== Input ==

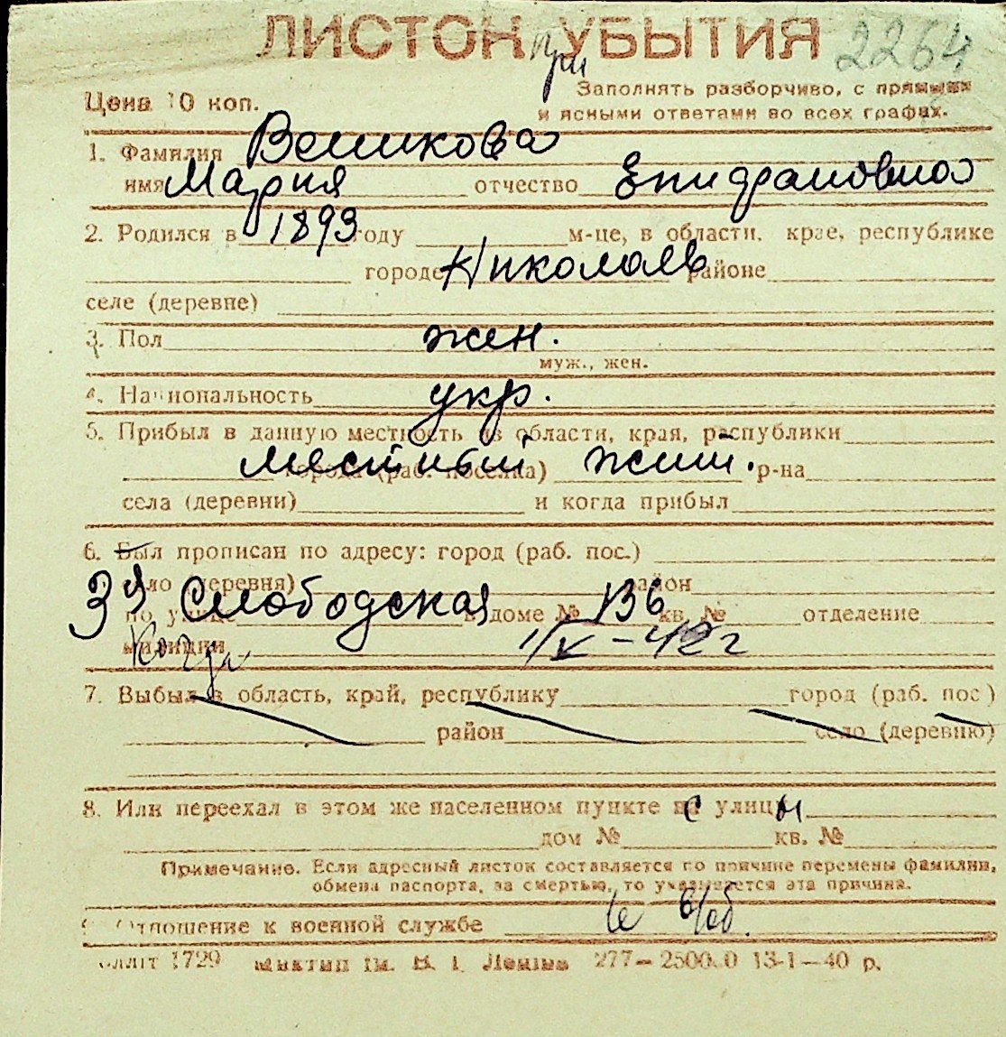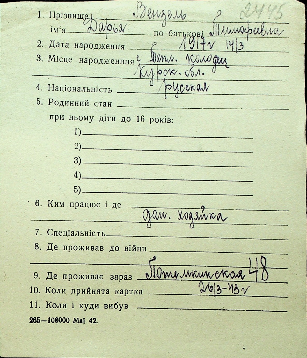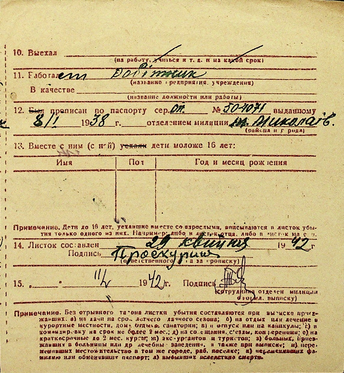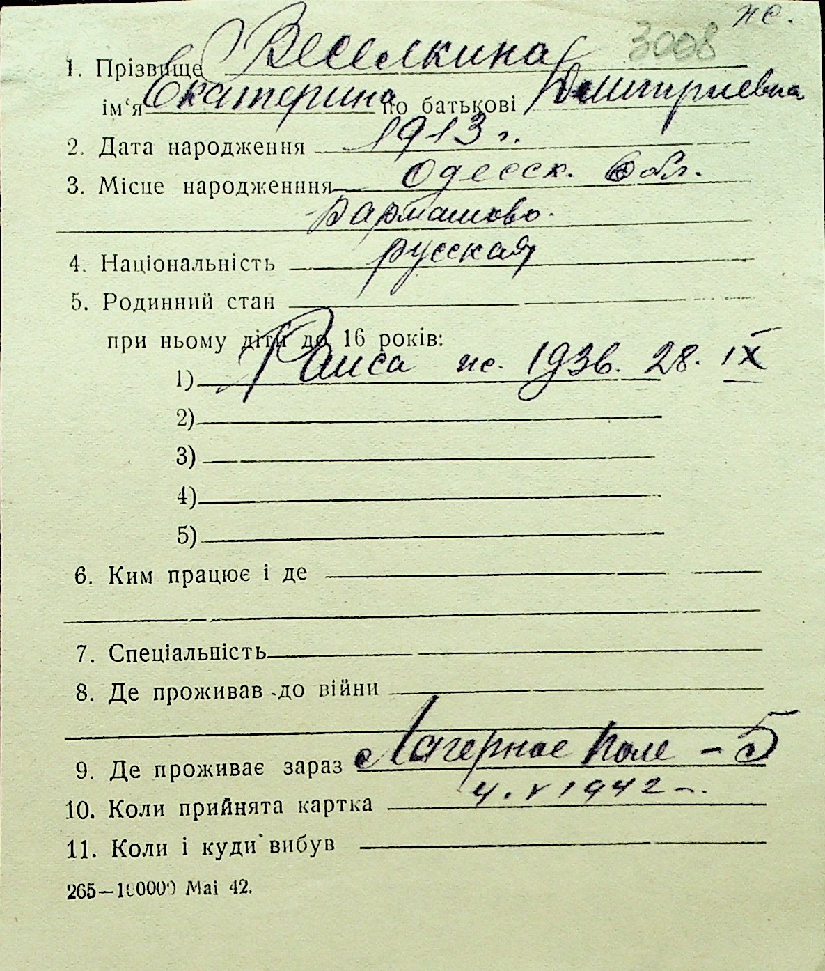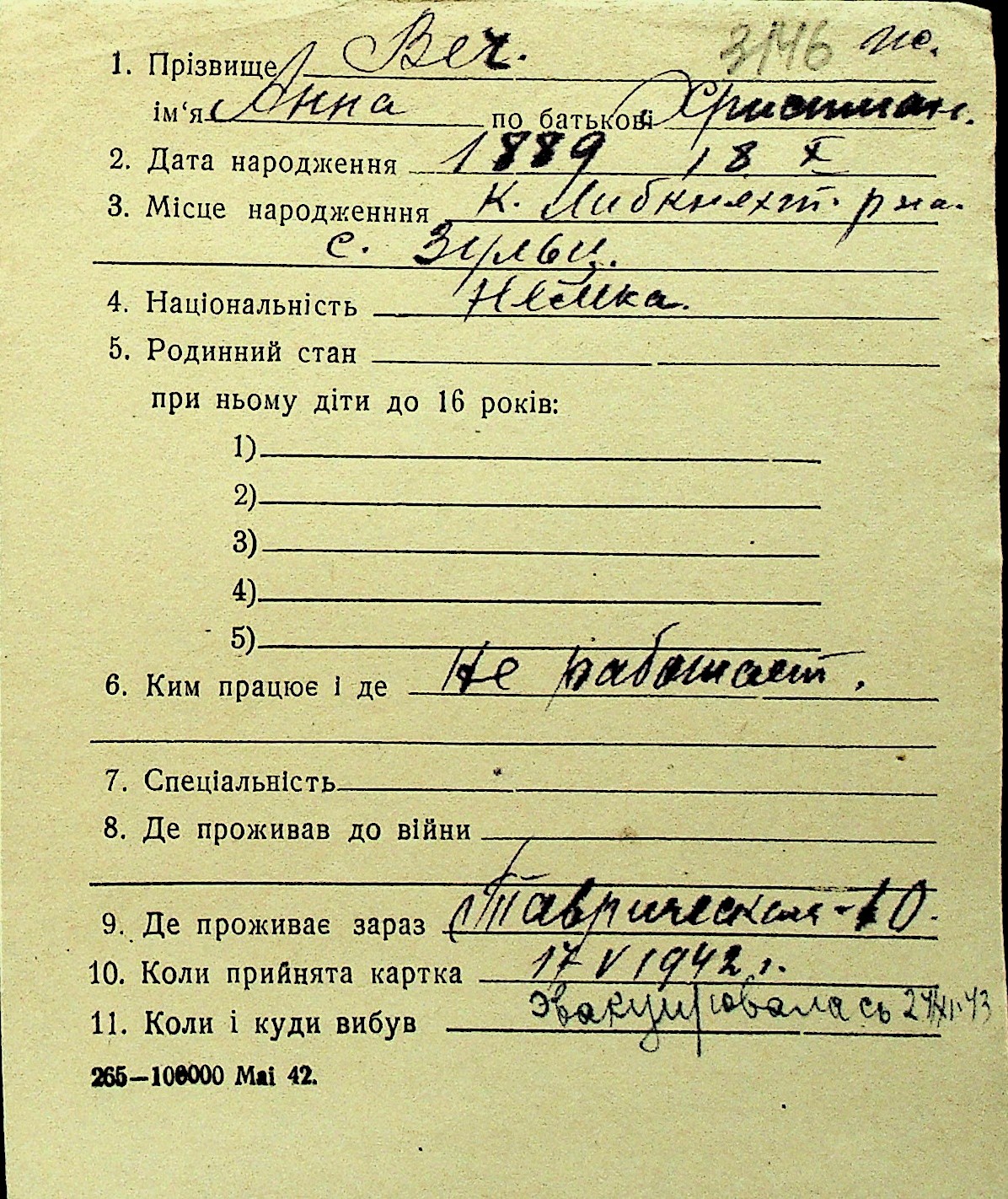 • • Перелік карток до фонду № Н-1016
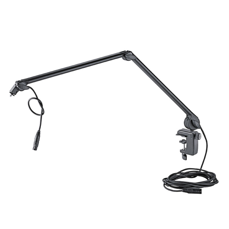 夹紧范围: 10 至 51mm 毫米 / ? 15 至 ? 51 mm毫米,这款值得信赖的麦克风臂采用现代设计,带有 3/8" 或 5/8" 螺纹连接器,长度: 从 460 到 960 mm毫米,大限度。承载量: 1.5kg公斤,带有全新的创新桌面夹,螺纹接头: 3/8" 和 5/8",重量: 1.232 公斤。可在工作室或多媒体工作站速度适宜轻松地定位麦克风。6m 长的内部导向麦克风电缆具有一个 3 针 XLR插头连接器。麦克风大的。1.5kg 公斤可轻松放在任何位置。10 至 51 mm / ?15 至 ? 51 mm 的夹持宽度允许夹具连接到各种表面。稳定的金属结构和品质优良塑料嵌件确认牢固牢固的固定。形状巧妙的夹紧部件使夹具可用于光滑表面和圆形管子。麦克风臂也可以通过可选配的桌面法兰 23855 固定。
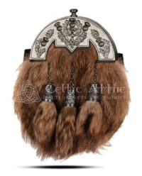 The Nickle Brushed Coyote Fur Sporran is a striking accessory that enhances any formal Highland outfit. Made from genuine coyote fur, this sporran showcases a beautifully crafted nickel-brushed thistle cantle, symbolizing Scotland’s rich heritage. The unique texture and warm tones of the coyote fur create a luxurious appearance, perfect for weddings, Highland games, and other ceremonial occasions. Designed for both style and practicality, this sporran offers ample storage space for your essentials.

===
== Input ==

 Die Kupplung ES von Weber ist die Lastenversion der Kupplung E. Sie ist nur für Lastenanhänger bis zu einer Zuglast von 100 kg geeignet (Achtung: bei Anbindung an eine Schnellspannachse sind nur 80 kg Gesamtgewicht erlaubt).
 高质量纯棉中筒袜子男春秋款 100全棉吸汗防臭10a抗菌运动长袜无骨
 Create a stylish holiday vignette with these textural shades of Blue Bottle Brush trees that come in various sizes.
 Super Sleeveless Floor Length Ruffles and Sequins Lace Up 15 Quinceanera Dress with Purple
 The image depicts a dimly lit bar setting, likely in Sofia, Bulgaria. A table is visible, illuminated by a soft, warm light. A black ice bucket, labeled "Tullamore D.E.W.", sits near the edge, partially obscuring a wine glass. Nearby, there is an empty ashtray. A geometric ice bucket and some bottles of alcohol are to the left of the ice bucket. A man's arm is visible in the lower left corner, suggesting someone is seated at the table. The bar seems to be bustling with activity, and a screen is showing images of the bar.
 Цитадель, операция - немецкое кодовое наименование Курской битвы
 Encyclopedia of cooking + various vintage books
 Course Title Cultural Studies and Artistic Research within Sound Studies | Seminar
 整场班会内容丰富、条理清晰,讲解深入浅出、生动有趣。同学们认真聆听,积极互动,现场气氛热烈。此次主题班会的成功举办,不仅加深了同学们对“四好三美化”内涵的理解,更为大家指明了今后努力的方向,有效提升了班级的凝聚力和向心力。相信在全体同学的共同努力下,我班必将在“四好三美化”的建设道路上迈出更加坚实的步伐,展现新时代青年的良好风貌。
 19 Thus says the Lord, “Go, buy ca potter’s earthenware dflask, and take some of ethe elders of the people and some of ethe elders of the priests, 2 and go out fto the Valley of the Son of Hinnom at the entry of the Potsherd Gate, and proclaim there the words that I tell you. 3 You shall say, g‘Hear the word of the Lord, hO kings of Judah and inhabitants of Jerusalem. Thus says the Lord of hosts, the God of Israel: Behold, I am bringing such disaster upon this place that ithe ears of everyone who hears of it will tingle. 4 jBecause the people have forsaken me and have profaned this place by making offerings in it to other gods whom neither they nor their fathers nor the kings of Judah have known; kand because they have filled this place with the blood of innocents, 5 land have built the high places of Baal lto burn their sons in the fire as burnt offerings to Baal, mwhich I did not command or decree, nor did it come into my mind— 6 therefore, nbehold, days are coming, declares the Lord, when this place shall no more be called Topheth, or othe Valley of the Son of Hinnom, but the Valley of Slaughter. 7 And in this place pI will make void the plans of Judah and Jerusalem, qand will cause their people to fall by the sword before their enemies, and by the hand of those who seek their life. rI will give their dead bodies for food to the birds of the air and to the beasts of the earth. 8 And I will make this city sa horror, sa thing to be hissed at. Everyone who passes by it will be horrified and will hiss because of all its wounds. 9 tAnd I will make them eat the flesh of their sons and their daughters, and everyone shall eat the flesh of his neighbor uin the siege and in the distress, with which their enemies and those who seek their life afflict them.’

===

### What you will do
Where the line holding "Course Title Cultural" appears in the listing above, start reproducing exactly, and end with the line holding "整场班会内容丰富、条理清晰,讲解深入浅出".

### Reply
 Course Title Cultural Studies and Artistic Research within Sound Studies | Seminar
 整场班会内容丰富、条理清晰,讲解深入浅出、生动有趣。同学们认真聆听,积极互动,现场气氛热烈。此次主题班会的成功举办,不仅加深了同学们对“四好三美化”内涵的理解,更为大家指明了今后努力的方向,有效提升了班级的凝聚力和向心力。相信在全体同学的共同努力下,我班必将在“四好三美化”的建设道路上迈出更加坚实的步伐,展现新时代青年的良好风貌。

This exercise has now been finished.